Your answer must be an exact transcription of every record below, with the pictures omitted.

Exercise inputs –
----------------

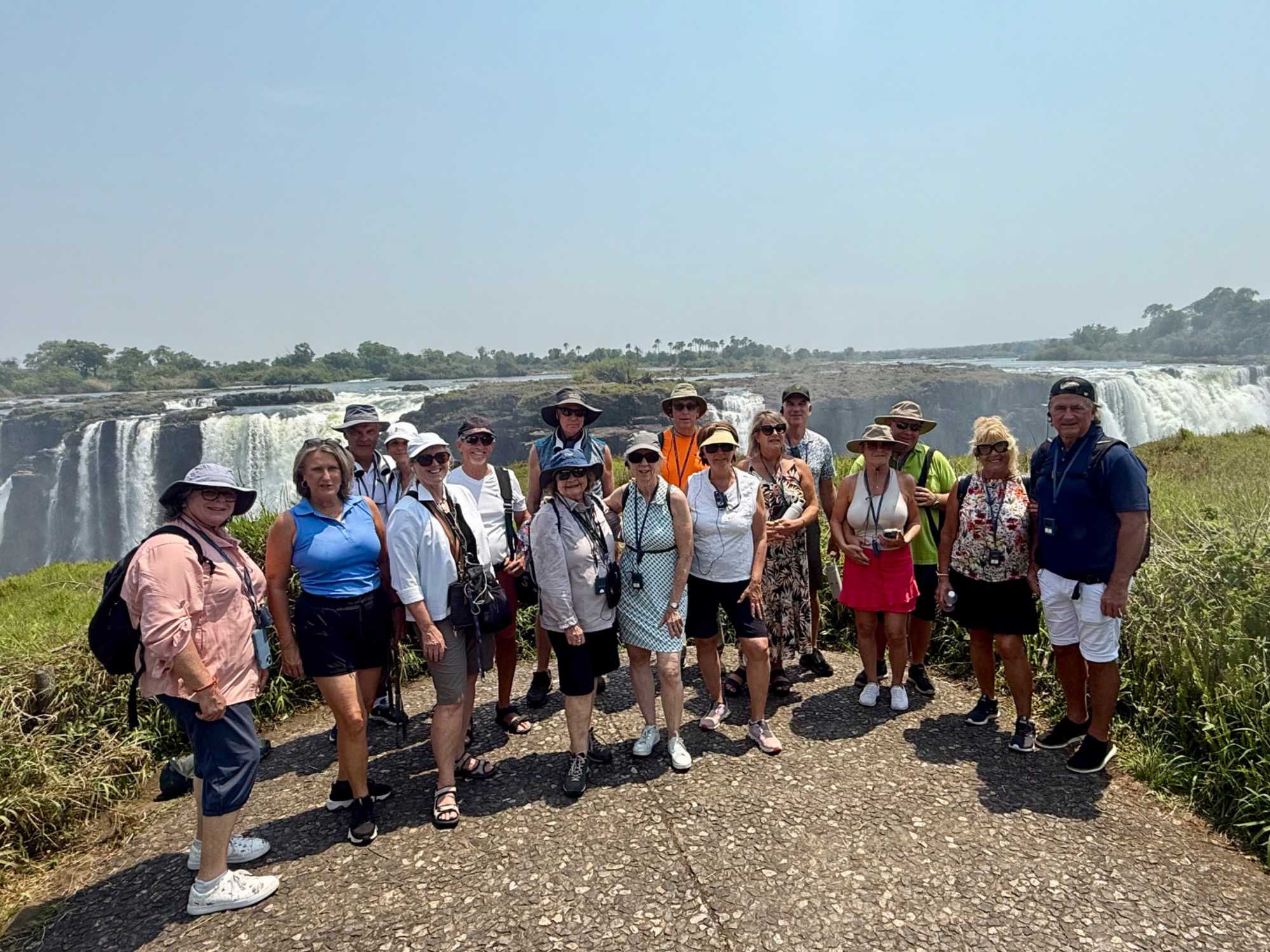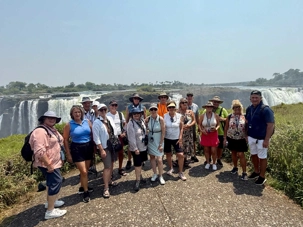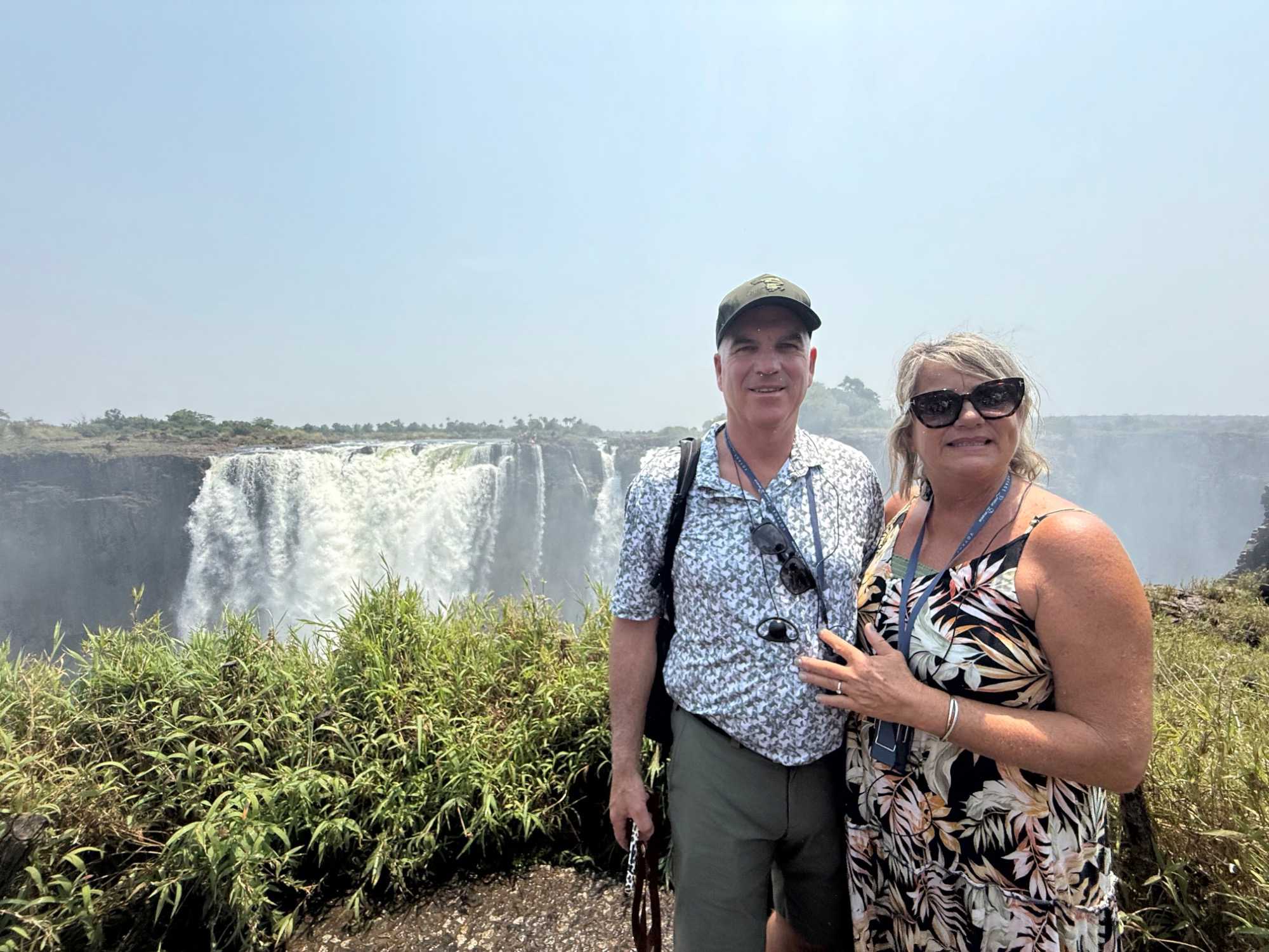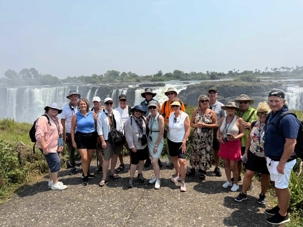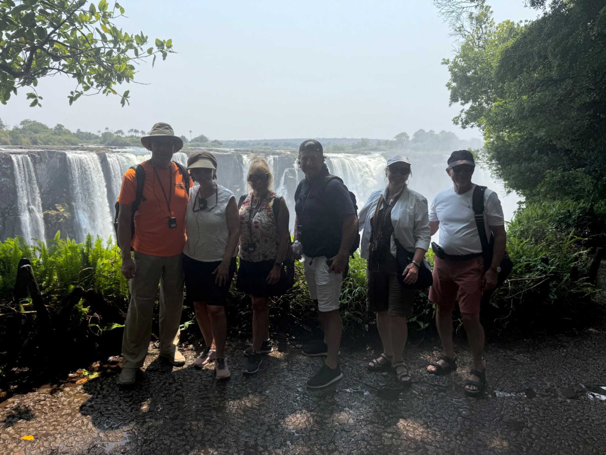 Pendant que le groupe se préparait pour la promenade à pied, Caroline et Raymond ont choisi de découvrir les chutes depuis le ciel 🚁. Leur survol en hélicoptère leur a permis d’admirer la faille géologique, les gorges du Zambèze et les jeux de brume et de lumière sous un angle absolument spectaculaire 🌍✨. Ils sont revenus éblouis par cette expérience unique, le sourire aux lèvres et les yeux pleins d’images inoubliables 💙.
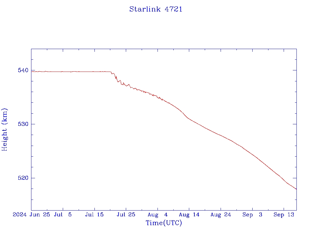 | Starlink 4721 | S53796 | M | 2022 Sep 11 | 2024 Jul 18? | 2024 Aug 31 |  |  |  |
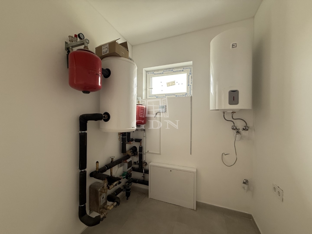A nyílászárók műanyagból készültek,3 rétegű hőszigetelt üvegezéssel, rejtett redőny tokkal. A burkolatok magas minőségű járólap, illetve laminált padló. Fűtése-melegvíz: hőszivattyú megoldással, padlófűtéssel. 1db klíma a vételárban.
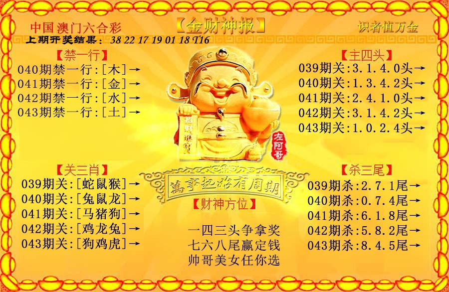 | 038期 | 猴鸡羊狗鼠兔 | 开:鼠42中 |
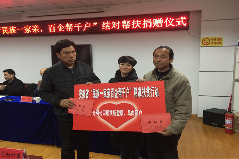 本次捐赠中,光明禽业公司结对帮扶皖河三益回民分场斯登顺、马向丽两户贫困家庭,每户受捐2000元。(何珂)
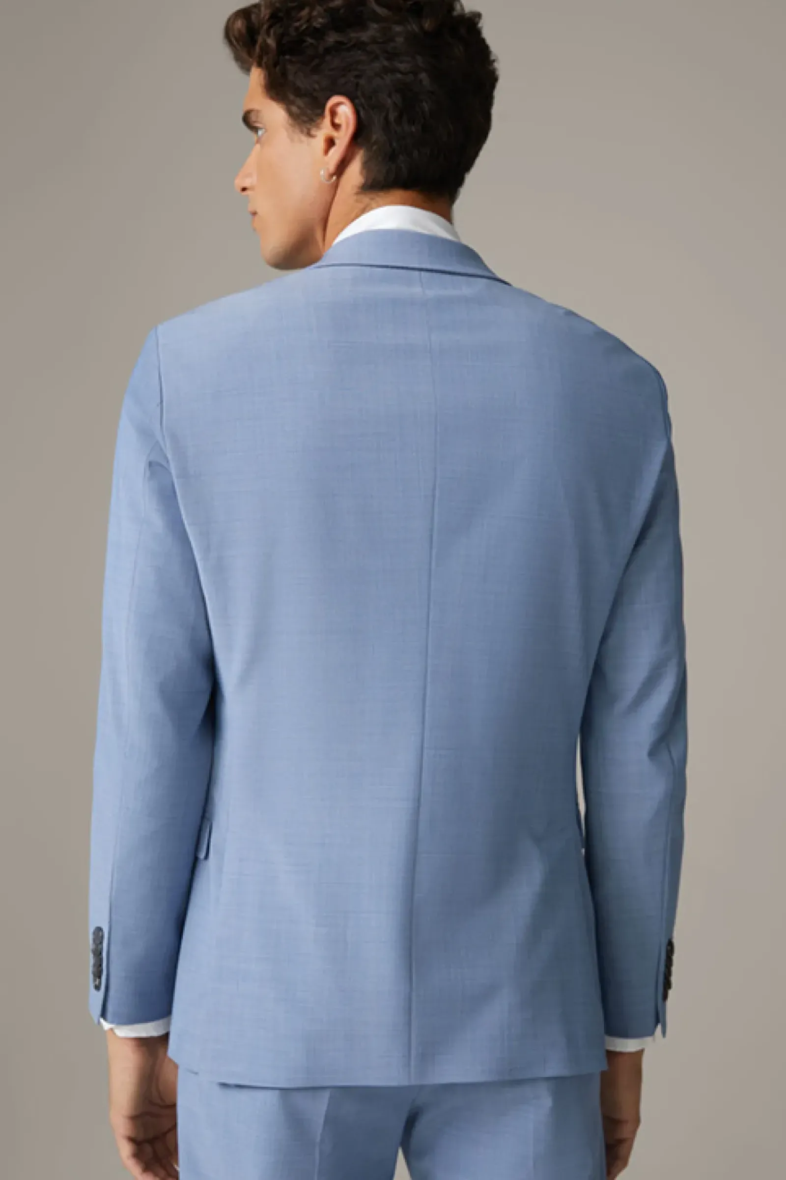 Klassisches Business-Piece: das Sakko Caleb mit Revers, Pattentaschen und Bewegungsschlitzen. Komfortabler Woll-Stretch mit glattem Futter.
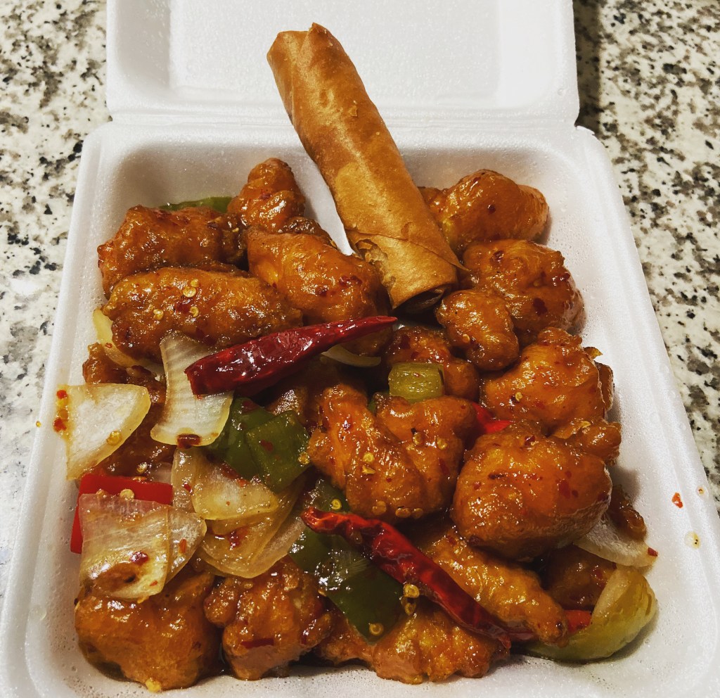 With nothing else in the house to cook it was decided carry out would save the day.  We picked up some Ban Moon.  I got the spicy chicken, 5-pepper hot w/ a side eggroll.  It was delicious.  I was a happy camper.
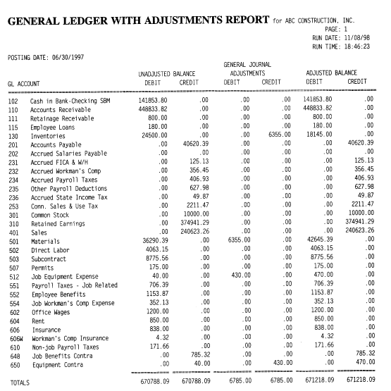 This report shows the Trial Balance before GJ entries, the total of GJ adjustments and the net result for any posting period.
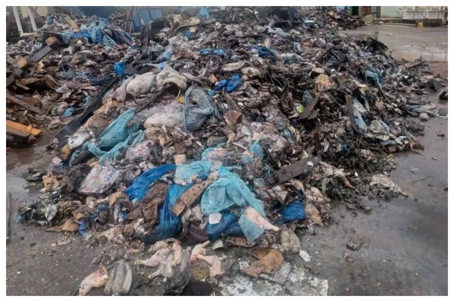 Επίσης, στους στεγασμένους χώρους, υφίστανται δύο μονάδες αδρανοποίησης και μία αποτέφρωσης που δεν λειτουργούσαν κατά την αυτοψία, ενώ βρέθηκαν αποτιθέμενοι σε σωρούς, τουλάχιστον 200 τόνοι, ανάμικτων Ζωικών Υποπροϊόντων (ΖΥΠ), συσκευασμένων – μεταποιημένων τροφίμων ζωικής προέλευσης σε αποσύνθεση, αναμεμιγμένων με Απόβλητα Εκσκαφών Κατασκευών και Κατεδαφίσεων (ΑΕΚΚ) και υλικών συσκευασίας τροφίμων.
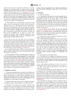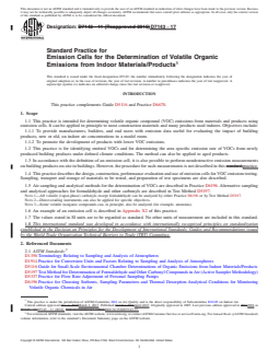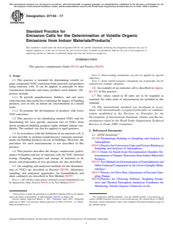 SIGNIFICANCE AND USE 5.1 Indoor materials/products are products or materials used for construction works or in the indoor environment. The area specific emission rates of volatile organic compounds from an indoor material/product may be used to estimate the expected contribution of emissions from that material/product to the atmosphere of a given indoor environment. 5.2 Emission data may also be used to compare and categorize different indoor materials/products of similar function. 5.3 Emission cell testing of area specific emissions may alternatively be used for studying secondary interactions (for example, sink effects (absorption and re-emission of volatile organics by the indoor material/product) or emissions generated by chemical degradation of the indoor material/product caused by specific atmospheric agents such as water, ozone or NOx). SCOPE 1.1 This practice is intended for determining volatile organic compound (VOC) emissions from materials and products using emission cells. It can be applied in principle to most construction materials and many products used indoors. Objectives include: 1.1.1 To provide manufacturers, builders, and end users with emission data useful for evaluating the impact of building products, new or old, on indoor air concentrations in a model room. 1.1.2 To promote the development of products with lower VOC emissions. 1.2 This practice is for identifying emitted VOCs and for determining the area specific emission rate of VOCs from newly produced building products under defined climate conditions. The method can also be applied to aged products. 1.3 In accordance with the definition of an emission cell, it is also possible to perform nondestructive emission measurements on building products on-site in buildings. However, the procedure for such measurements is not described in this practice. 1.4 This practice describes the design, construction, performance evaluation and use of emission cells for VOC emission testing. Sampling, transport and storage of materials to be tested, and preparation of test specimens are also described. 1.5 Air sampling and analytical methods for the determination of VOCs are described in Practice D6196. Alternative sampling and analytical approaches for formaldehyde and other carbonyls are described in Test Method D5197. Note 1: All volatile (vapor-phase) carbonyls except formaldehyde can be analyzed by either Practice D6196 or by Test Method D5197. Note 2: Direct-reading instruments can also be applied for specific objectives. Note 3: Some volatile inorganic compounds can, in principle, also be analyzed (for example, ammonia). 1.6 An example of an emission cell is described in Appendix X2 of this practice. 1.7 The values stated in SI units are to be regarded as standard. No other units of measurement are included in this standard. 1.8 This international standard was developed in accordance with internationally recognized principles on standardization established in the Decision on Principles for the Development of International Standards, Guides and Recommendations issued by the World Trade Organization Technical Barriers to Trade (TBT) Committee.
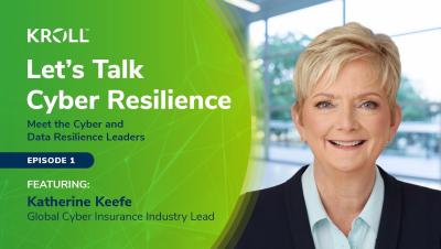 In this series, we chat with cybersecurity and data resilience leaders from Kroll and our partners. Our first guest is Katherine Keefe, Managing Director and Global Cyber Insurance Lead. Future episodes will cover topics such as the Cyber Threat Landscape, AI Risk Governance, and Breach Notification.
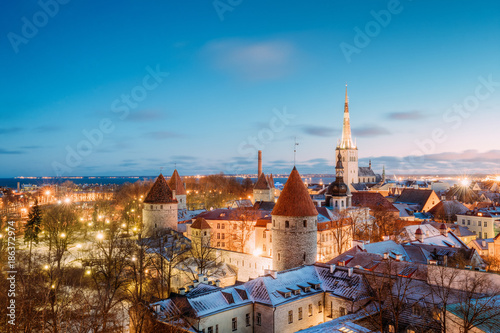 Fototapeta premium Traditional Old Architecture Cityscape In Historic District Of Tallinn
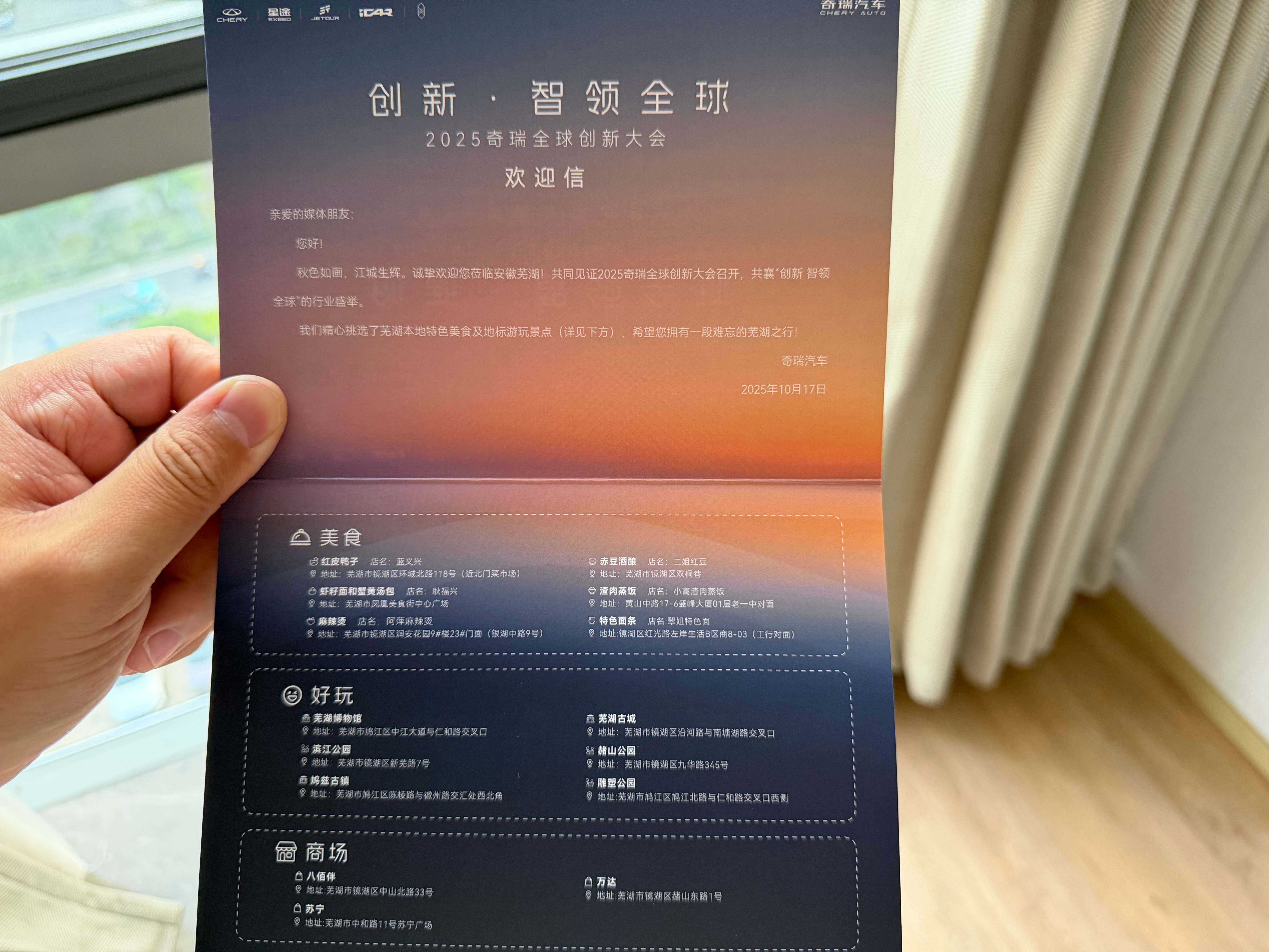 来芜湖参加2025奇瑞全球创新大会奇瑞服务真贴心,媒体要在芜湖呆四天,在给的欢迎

----------------

Answer space –
 Pendant que le groupe se préparait pour la promenade à pied, Caroline et Raymond ont choisi de découvrir les chutes depuis le ciel 🚁. Leur survol en hélicoptère leur a permis d’admirer la faille géologique, les gorges du Zambèze et les jeux de brume et de lumière sous un angle absolument spectaculaire 🌍✨. Ils sont revenus éblouis par cette expérience unique, le sourire aux lèvres et les yeux pleins d’images inoubliables 💙.
 | Starlink 4721 | S53796 | M | 2022 Sep 11 | 2024 Jul 18? | 2024 Aug 31 |  |  |  |
A nyílászárók műanyagból készültek,3 rétegű hőszigetelt üvegezéssel, rejtett redőny tokkal. A burkolatok magas minőségű járólap, illetve laminált padló. Fűtése-melegvíz: hőszivattyú megoldással, padlófűtéssel. 1db klíma a vételárban.
 | 038期 | 猴鸡羊狗鼠兔 | 开:鼠42中 |
 本次捐赠中,光明禽业公司结对帮扶皖河三益回民分场斯登顺、马向丽两户贫困家庭,每户受捐2000元。(何珂)
 Klassisches Business-Piece: das Sakko Caleb mit Revers, Pattentaschen und Bewegungsschlitzen. Komfortabler Woll-Stretch mit glattem Futter.
 With nothing else in the house to cook it was decided carry out would save the day.  We picked up some Ban Moon.  I got the spicy chicken, 5-pepper hot w/ a side eggroll.  It was delicious.  I was a happy camper.
 This report shows the Trial Balance before GJ entries, the total of GJ adjustments and the net result for any posting period.
 Επίσης, στους στεγασμένους χώρους, υφίστανται δύο μονάδες αδρανοποίησης και μία αποτέφρωσης που δεν λειτουργούσαν κατά την αυτοψία, ενώ βρέθηκαν αποτιθέμενοι σε σωρούς, τουλάχιστον 200 τόνοι, ανάμικτων Ζωικών Υποπροϊόντων (ΖΥΠ), συσκευασμένων – μεταποιημένων τροφίμων ζωικής προέλευσης σε αποσύνθεση, αναμεμιγμένων με Απόβλητα Εκσκαφών Κατασκευών και Κατεδαφίσεων (ΑΕΚΚ) και υλικών συσκευασίας τροφίμων.
 SIGNIFICANCE AND USE 5.1 Indoor materials/products are products or materials used for construction works or in the indoor environment. The area specific emission rates of volatile organic compounds from an indoor material/product may be used to estimate the expected contribution of emissions from that material/product to the atmosphere of a given indoor environment. 5.2 Emission data may also be used to compare and categorize different indoor materials/products of similar function. 5.3 Emission cell testing of area specific emissions may alternatively be used for studying secondary interactions (for example, sink effects (absorption and re-emission of volatile organics by the indoor material/product) or emissions generated by chemical degradation of the indoor material/product caused by specific atmospheric agents such as water, ozone or NOx). SCOPE 1.1 This practice is intended for determining volatile organic compound (VOC) emissions from materials and products using emission cells. It can be applied in principle to most construction materials and many products used indoors. Objectives include: 1.1.1 To provide manufacturers, builders, and end users with emission data useful for evaluating the impact of building products, new or old, on indoor air concentrations in a model room. 1.1.2 To promote the development of products with lower VOC emissions. 1.2 This practice is for identifying emitted VOCs and for determining the area specific emission rate of VOCs from newly produced building products under defined climate conditions. The method can also be applied to aged products. 1.3 In accordance with the definition of an emission cell, it is also possible to perform nondestructive emission measurements on building products on-site in buildings. However, the procedure for such measurements is not described in this practice. 1.4 This practice describes the design, construction, performance evaluation and use of emission cells for VOC emission testing. Sampling, transport and storage of materials to be tested, and preparation of test specimens are also described. 1.5 Air sampling and analytical methods for the determination of VOCs are described in Practice D6196. Alternative sampling and analytical approaches for formaldehyde and other carbonyls are described in Test Method D5197. Note 1: All volatile (vapor-phase) carbonyls except formaldehyde can be analyzed by either Practice D6196 or by Test Method D5197. Note 2: Direct-reading instruments can also be applied for specific objectives. Note 3: Some volatile inorganic compounds can, in principle, also be analyzed (for example, ammonia). 1.6 An example of an emission cell is described in Appendix X2 of this practice. 1.7 The values stated in SI units are to be regarded as standard. No other units of measurement are included in this standard. 1.8 This international standard was developed in accordance with internationally recognized principles on standardization established in the Decision on Principles for the Development of International Standards, Guides and Recommendations issued by the World Trade Organization Technical Barriers to Trade (TBT) Committee.
 In this series, we chat with cybersecurity and data resilience leaders from Kroll and our partners. Our first guest is Katherine Keefe, Managing Director and Global Cyber Insurance Lead. Future episodes will cover topics such as the Cyber Threat Landscape, AI Risk Governance, and Breach Notification.
 Fototapeta premium Traditional Old Architecture Cityscape In Historic District Of Tallinn
 来芜湖参加2025奇瑞全球创新大会奇瑞服务真贴心,媒体要在芜湖呆四天,在给的欢迎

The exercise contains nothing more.